As we previously reported, on November 2, 2020, a federal judge from the U.S. District Court for the Northern District of Illinois, issued a ruling in the case Cook County Illinois et al. v. Chad Wolf et al. which immediately set aside the public charge rule. The judge’s ruling allowed applicants to proceed with adjustment of status filings without having to include Form I-944 Declaration of Self-Sufficiency.

Now things have changed.

In a stunning rebuke of the lower court’s decision, the Seventh Circuit Court of Appeals has put the public charge rule back in place.

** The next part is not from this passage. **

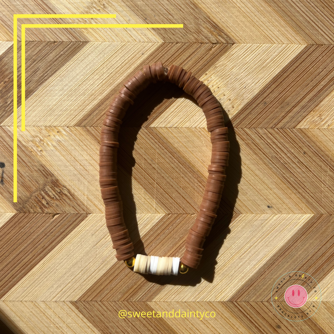 Brown band with gold bead accents with the center cream, light brown, tan
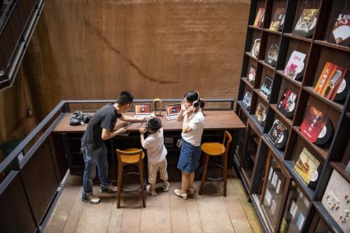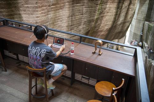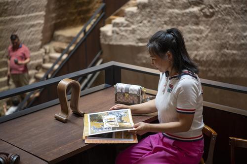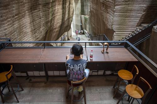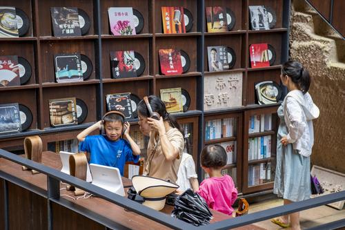 2023年6月11日,位于浙江省丽水市缙云县仙都景区的“浙江图书馆·岩宕书房”里,游客坐在洞中书房聆听或阅读,感受别样的书香文韵。

As a result, the Department of Homeland Security (DHS) may continue to enforce the public charge rule as before.

What did the appellate court decide?

On November 4, 2020, the appellate court placed an “administrative stay” on the November 2nd decision stopping the lower court from invalidating the public charge rule.

What does this mean for applicants for adjustment of status?

As a result of this decision, the U.S. Citizenship and Immigration Services (USCIS) may continue to implement the public charge rule until another order of the Seventh Circuit or another court states otherwise.

Accordingly, all applicants for adjustment of status must include Form I-944 Declaration of Self-Sufficiency as well as all appropriate fees and supporting documentation.

What does this mean for employers and foreign nationals?

Until further notice, adjustment of status applications and nonimmigrant extension and change of status applications must continue to be submitted with public charge forms and documentation.